One of the novel aspects of our method is that, in identifying the spikes, we do not simply apply the unconditional standard deviation as a measure of volatility. The time series of the returns exhibit significant anomalies, with periods of extreme volatility followed by periods of relative calm. As a result, using the overall unconditional standard deviation may not always be the suitable choice. In our dataset, we identified non-linear patterns, that the investors may model and exploit. Thus, we model the conditional standard deviation of Bitcoin returns to reflect these non-linear processes applying alternative GARCH models and selecting the one that best fits these non-linearities in the data. Based on this optimal GARCH model, we identify the spikes using a +/−2 conditional standard deviations band. The conditional standard deviation is more critical to the investor since he/she is less interested in the index’s overall historical swings and more concerned with what occurs next, in the short term, in his/her holding period.
Following the extraction of spikes using the conditional standard deviation, we use an SVM model paired with two kernel functions. When compared to traditional statistical and economic models, these models typically better capture the non-linearities observed in the data generation mechanism of the sample at hand. Additionally, they do not impose or require any presumptions on the data.
First, we model the data using the best autoregressive model. Then, we iteratively augment our models and test as potential forecasters, a total of 90 financial time series. This procedure selects the Litecoin and the Namecoin returns for both the linear and RBF kernels, and Momentum(4) or ROC(4) only for the RBF kernel.

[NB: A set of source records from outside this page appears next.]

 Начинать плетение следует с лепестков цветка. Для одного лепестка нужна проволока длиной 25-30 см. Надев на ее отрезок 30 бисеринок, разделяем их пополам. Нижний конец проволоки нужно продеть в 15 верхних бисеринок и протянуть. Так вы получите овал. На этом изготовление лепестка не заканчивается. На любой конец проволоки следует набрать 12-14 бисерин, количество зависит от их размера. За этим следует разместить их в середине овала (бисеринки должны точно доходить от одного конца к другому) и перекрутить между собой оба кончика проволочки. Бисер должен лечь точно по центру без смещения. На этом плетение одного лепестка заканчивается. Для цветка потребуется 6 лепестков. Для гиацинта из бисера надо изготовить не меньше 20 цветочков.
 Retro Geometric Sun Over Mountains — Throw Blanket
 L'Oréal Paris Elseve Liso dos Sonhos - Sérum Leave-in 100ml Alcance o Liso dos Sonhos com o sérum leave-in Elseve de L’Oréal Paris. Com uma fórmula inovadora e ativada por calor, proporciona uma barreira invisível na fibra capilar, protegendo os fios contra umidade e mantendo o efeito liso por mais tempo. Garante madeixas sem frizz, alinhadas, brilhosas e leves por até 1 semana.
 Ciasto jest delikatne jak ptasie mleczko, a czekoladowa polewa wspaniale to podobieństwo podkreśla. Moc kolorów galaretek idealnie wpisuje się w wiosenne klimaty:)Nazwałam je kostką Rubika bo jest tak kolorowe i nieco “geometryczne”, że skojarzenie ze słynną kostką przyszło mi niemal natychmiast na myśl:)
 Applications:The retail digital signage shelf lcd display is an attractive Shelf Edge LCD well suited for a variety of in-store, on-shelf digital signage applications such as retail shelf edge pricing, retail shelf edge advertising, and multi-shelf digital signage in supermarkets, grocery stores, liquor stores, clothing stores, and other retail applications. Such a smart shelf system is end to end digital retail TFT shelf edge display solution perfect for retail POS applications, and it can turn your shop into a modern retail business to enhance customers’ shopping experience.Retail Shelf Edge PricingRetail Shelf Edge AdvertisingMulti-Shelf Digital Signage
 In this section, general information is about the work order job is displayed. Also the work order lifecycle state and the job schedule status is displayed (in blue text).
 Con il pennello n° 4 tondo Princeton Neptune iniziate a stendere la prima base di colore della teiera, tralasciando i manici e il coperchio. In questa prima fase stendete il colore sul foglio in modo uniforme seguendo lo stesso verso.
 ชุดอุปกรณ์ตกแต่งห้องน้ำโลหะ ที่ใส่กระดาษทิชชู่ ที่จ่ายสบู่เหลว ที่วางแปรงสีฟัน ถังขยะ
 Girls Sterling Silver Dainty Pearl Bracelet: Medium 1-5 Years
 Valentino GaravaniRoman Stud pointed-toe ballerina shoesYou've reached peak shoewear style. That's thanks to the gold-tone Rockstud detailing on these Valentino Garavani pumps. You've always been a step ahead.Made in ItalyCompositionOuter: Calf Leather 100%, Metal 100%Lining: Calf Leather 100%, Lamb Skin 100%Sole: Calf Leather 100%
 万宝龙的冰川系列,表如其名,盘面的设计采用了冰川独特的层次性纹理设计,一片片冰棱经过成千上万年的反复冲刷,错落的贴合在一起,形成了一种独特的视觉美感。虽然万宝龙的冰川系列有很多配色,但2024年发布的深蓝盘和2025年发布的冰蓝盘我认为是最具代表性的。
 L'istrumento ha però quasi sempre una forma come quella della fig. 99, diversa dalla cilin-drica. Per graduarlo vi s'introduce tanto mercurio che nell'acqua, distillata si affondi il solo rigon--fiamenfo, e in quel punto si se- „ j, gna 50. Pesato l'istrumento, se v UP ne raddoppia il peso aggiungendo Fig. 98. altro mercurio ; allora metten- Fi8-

The results indicate that the overall optimum forecasting SVM model is the one using the non-linear RBF kernel. The best model can achieve high forecasting accuracy for both spikes and non-spikes: 79.17% correct identification of the spikes and 87.43% accuracy for the non-spikes in out-of-sample data. Thus, we find evidence that the returns of alternative cryptocurrencies provide important information on Bitcoin return spikes that ML algorithms can exploit. This is evidence that the cryptocurrencies markets are not segmented between them and are becoming more integrated with information spillovers from one cryptocurrency to the other. Moreover, what is also interesting, is that the cryptocurrencies market, as a whole, seems to still behave as an independent habitat of assets with no direct linkages to the main financial, stock energy, and commodities markets. No such variable from a total of more than 40 variables tested in our analysis, seems to play any role in forecasting the Bitcoin and its spikes. Thus, the users and investors in the cryptocurrencies markets seem segmented and focused on a preferred habitat and not the whole financial market.